Use it to scrape multiple pages from a website of your choice.

Deliverables

5.1. Create a RobustScraper class with all advanced features.
5.2. Implement robots.txt checking.
5.3. Add logging to track scraping activity.
5.4. Test your scraper on multiple pages.
5.5. Demonstrate error handling and retry logic.
5.6. Explain the ethical considerations of web scraping.

Submitting your Work

Once you have completed the questions, save your Jupyter notebook. You can then download the notebook and submit it to Gradescope.

Items to submit
  • firstname_lastname_project3.ipynb

It is necessary to document your work, with comments about each solution. All of your work needs to be your own work, with citations to any source that you used. Please make sure that your work is your own work, and that any outside sources (people, internet pages, generative AI, etc.) are cited properly in the project template.

You must double check your .ipynb after submitting it in gradescope.
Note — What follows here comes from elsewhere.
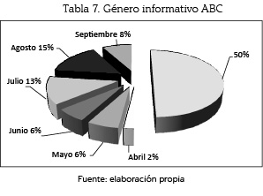 El género informativo en ABC se empleó durante el mes de agosto con un 15% (46 unidades); le sigue julio, con un 13% (42); septiembre, con un 8% (26); mayo, con un 6% (20); junio, con un 6% (18), y abril, con un 2% (6).
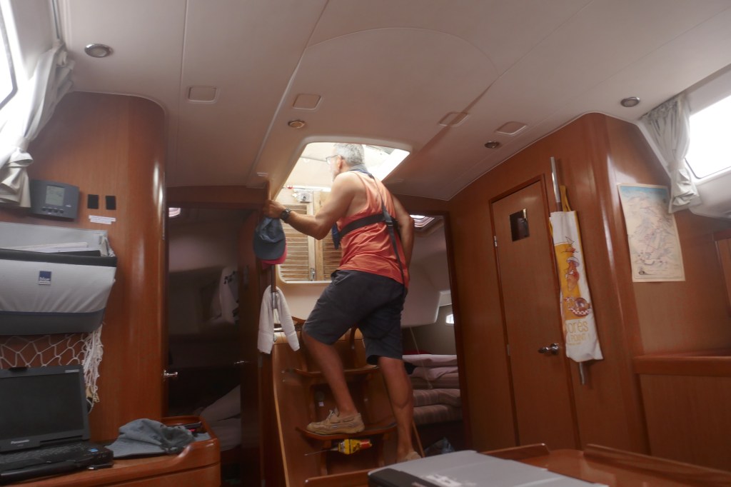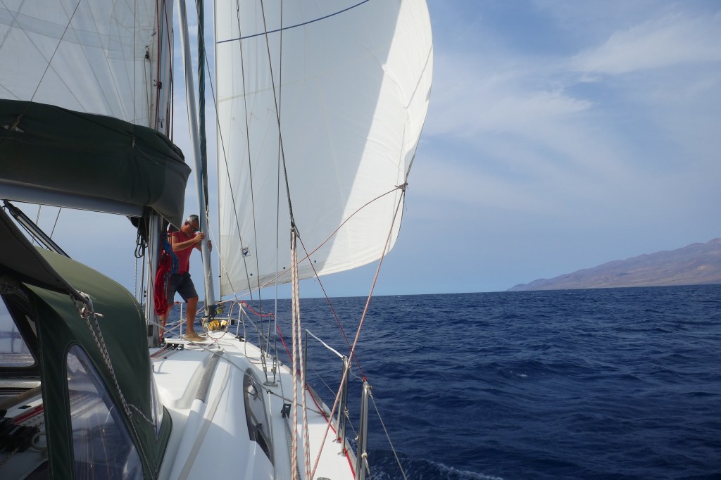 Va suivre la délicate opération de récupération du Spi. Sandrine à la barre, le Capitaine tente de l’affaler à l’ancienne, en ramenant le point d’écoute. L’eau commence à s’engouffrer dans le tissu, on chalute, c’est mal parti… Le Capitaine réussit à vider la poche d’eau, Sandrine choque le point d’amure et le Spi est ramené à bord. Mais le bord de chute du Spi s’est pris dans la barre de flèche, impossible de le redescendre. Sandrine loffe un grand coup, le Spi se dégage et on finit par le ranger dans son sac. Pour la suite de la Transat, le choix des voiles est désormais beaucoup plus simple (génois ou trinquette).

A very common mistake is to assume that your .ipynb file has been rendered properly and contains your code, markdown, and code output even though it may not.

Please take the time to double check your work. See here for instructions on how to double check this.

You will not receive full credit if your .ipynb file does not contain all of the information you expect it to, or if it does not render properly in Gradescope. Please ask a TA if you need help with this.